:: Task to complete ::
Output nothing but the lines from the beginning of the listing below through the line containing "さて、一晩明けた今朝は、まだ", exactly as they stand, without pictures.

:: The data ::
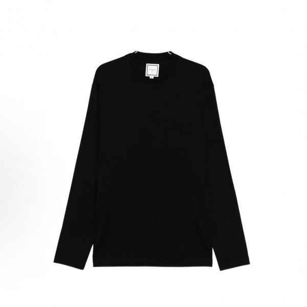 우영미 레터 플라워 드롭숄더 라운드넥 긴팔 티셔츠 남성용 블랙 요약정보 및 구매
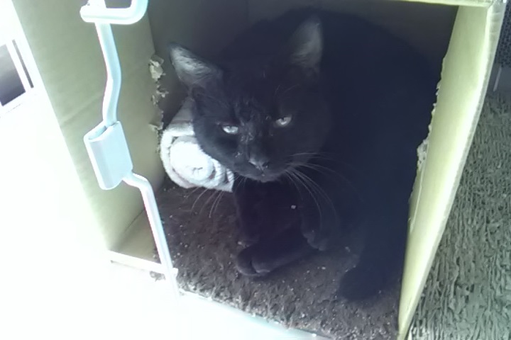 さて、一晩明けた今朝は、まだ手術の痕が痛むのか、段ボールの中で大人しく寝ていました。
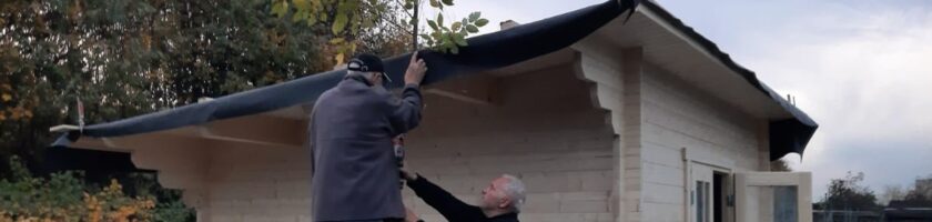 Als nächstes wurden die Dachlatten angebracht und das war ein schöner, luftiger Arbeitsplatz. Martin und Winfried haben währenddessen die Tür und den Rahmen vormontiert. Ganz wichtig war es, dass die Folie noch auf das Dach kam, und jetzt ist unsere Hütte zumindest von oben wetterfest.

:: Exercise answer ::
 우영미 레터 플라워 드롭숄더 라운드넥 긴팔 티셔츠 남성용 블랙 요약정보 및 구매
 さて、一晩明けた今朝は、まだ手術の痕が痛むのか、段ボールの中で大人しく寝ていました。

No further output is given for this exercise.